Hypotrachyna mcmulliniana

Scientific classification
- Kingdom: Fungi
- Division: Ascomycota
- Class: Lecanoromycetes
- Order: Lecanorales
- Family: Parmeliaceae
- Genus: Hypotrachyna
- Species: H. mcmulliniana
- Binomial name: Hypotrachyna mcmulliniana Lendemer & J.L.Allen (2020)

= Hypotrachyna mcmulliniana =

- Authority: Lendemer & J.L.Allen (2020)

Species of lichen-forming fungus

Hypotrachyna mcmulliniana is a species of foliose lichen in the family Parmeliaceae. It has a blue-grey thallus about 3–10 cm wide, with lobes 1.0–4.0 mm wide, and isidia without hairs.
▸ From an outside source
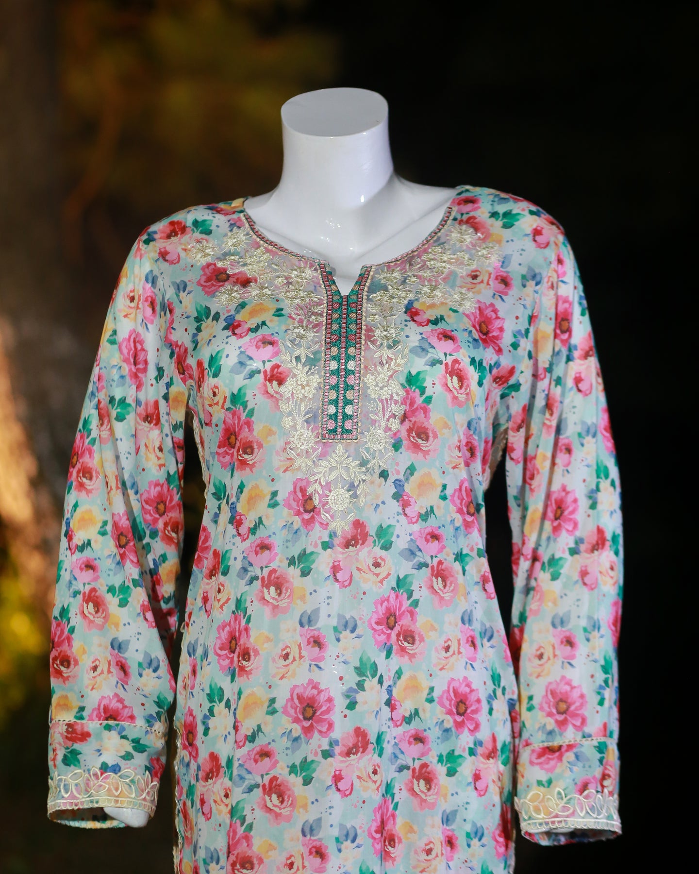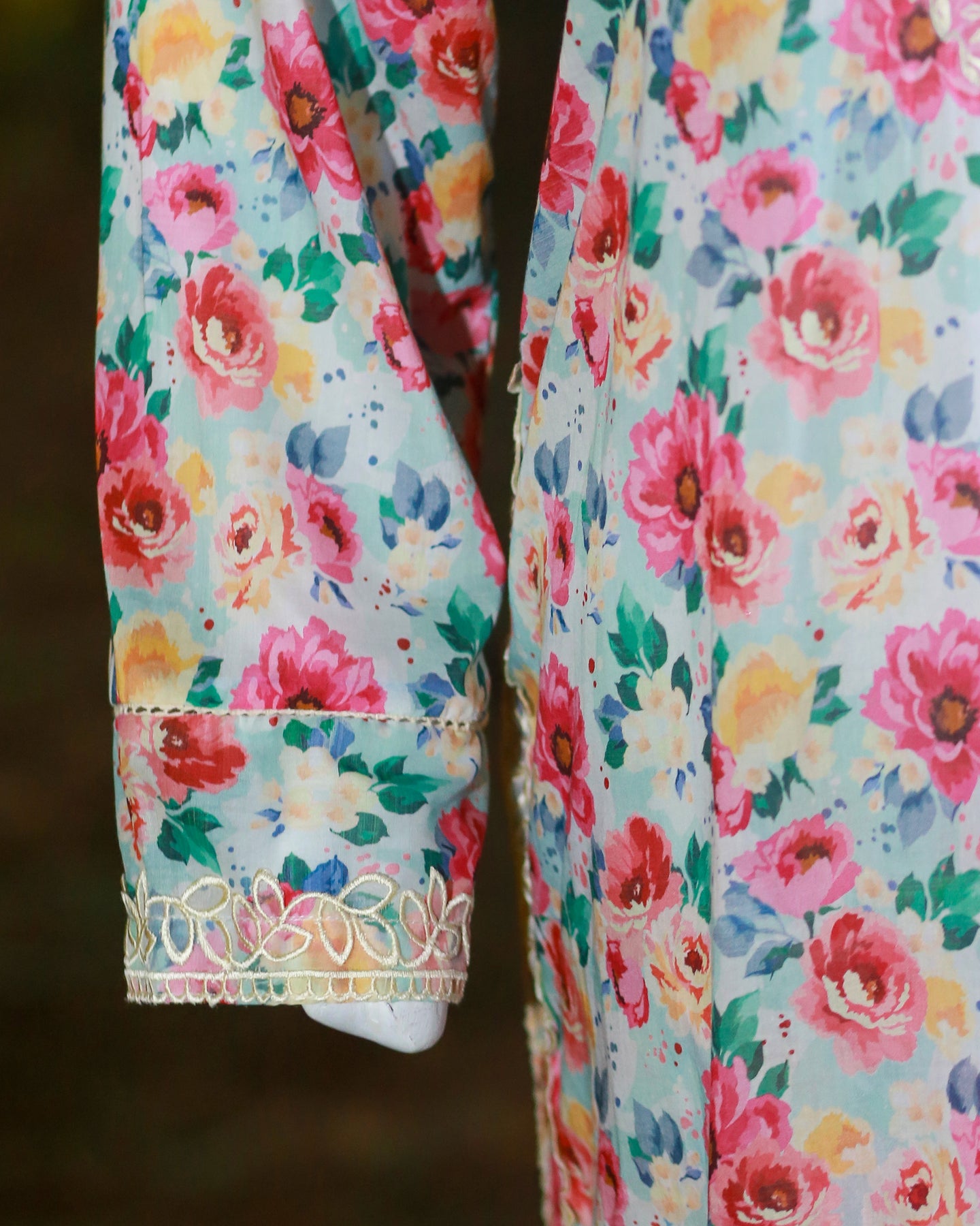 • 🧵 Shirt Fabric: Lawn (Floral printed with patch on neckline, sleeves & chak)

This species is most common in the southeast of North America but has been observed as far north as Connecticut. This lichen grows on conifers, hardwood trees and shrubs, and rocks. The conservation status of the lichen has not been ranked.

This species was described in 2020 by James Lendemer and Jessica Allen, and was named to honor R. Troy McMullin, a lichen researcher and educator at the Canadian Museum of Nature, in recognition of his work to describe and share lichen biodiversity in well-studied, often disturbed areas.